The 5 Easter Candies No One Wants- Even at 90% Off

Yesterday I was at a drug store, when I saw this sad little section of the worst leftover Easter candy….Put that ish away, Walgreens! Ain’t nobody want this candy!

5. Chocolate “Flavored” Bunny

If you buy this for someone at Easter, it means you hate them; real chocolate is like $1 more! I know I like my chocolate to taste like plastic and give me an immediate headache, but not everyone feels that way.

4. Black Jelly Beans

No one likes black jelly beans.
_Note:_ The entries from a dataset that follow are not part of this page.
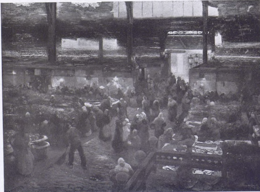
RICARD URGELL. — El Mercat. — Museu de Belles Arts

Cap d'ells és arribat sençer fins als nostres dies, i les dues peces s'han separat, sovint per manca de coneixement de l'objectiu que te-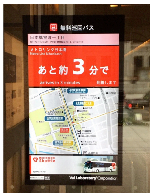
「SkyBrain」を導入した日の丸自動車興業株式会社のデジタルサイネージの事例

バスロケーションサービスとは、無線通信やGPSなどを活用してバスの位置情報を収集し、バス停の表示板やパソコン、スマートフォンなどに情報を配信するバスロケーションシステムを用いたサービスを指します。交通渋滞や悪天候で定時運行ができていない際、バス事業者やバス利用者にリアルタイムでバスの現在位置や到着予定時刻を提供でき、「バスが今どこを走っているのか知りたい」などのニーズに対応します。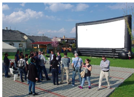
MAS Šumperský venkov – pojízdné kino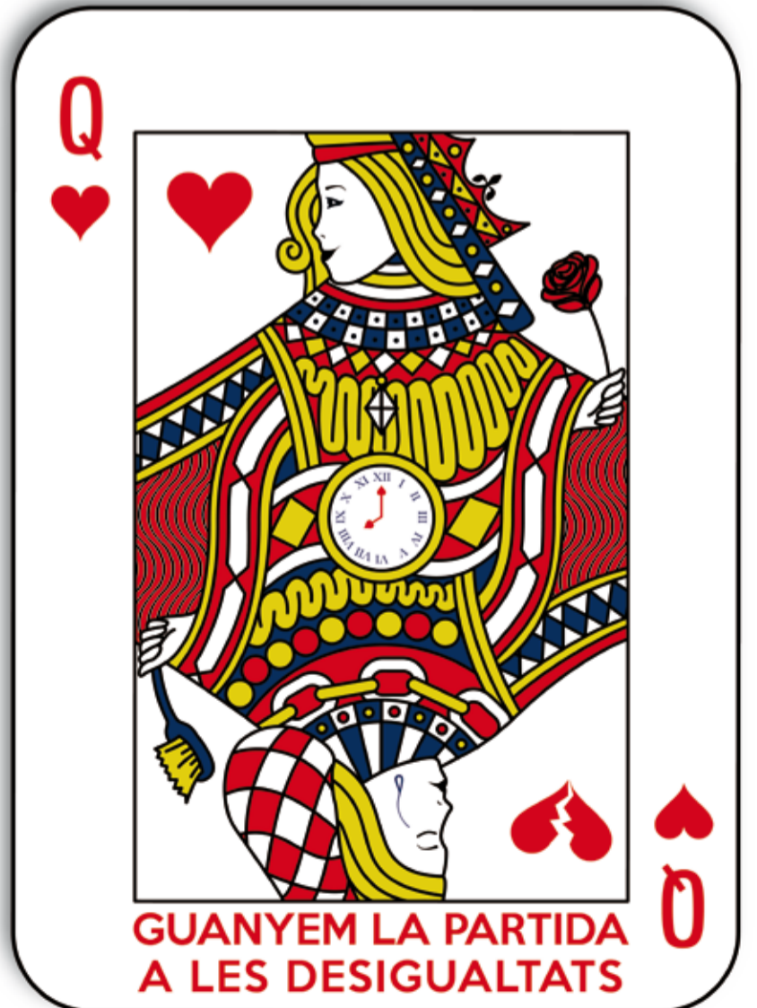
Obra guanyadora al IV Concurs de portades per la igualtat de gènere de la MICOD. Autor Adrián Haro Vergara

De dilluns a divendres de 9:30 a 19:30 h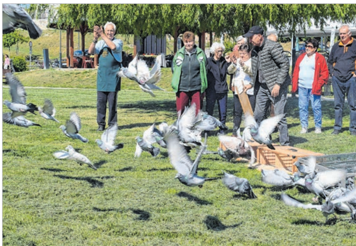
Száz galambot indítottak útnak egyszerre a Duna-parti majálison

Az év során még számos programot szerveznek a tolnai szépkorúak, főleg fürdőlátogatásokat. Mindemellett készülnek a hagyományos lecsófesztiválra, és a mohácsi csata-vesztés ötszázadik évfordulója kapcsán a lovas hagyományörzők megvendéglésére. –Wy-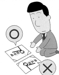
▲御仏前のお供えの向き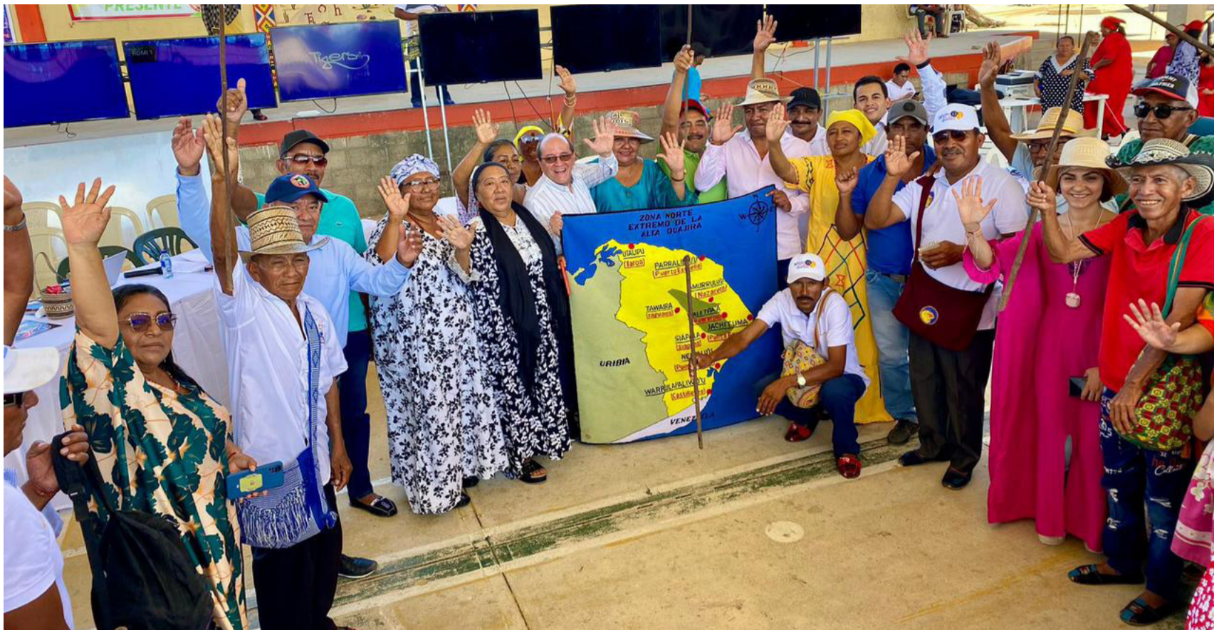
Es imperativo que el Estado implemente mecanismos más rigurosos para verificar la autenticidad de las reclamaciones étnicas.

Se aprovechan de los beneficios ajenos para vivir sabroso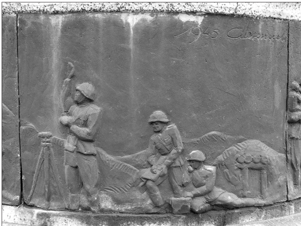
Ilustr. 19. Brązowa tablica na pomniku w Choszcznie (strona wschodnia) sygnowana w prawym górnym rogu przez kapitana Miezencewa, 2005 r.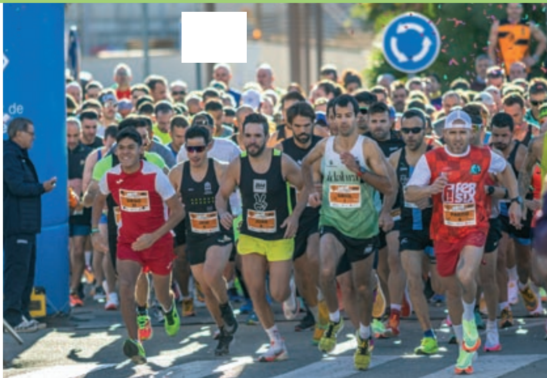
Els 10km de les Franqueses es van disputar diumenge al matí des de la zona esportiva de Corró d'Avall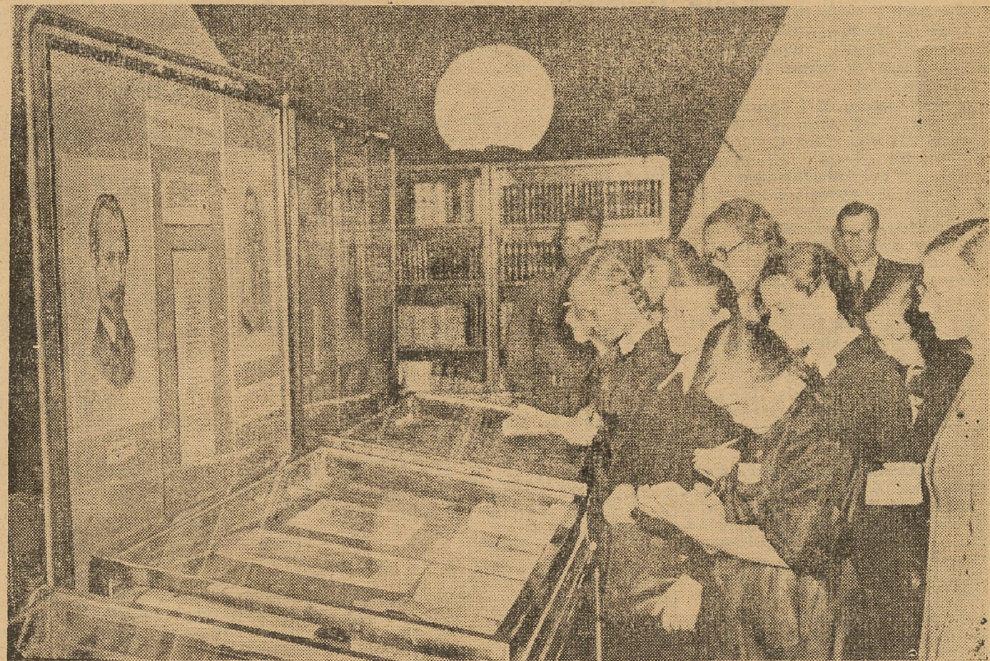
W ramach „Dni Oświaty, Książki i Prasy” Biblioteka Narodowa w Warszawie zorganizowała w lokalu gimnazjum przy ul. Klonowej 16 wystawę p. n. „Książka w walce o postęp, pokój i socjalizm”. Na zdjęciu: grupa młodzieży szkolnej zwiedza wystawę.

NO ONE. And if you say you do, quit lying to yourself: you tolerate black jelly beans. Also, thanks for making them Easter-themed (love that “Easter” mascot), but jelly bird eggs? Isn’t that a bit of a stretch? Just call them Jesus drops and be done with it.

3. Chicks and Rabbits

Although finding a way to make circus peanuts even more disgusting is a big undertaking, Brach’s did the next-to-impossible by dying styrofoam neon colors and smooshing them into creepy shapes. Circus peanuts: disappointing children since the 1940s.

2. Edible Easter Grass

Pssht, who needs wrappers for their candy? I prefer to eat mine after someone put their most likely dirty hands all over it, then let it sit out for a while. Who needs to diet when you can just have diarrhea!

1. Mallow Pals

 

See, I like marshmallows, but they don’t taste fake enough to me! That’s where Mallow Pals comes in. Tired of having to chew your marshmallow? Here- just shoot Pepto-colored slime into your mouth! That’s not a sugar rush you’re feeling- that’s the cancer forming!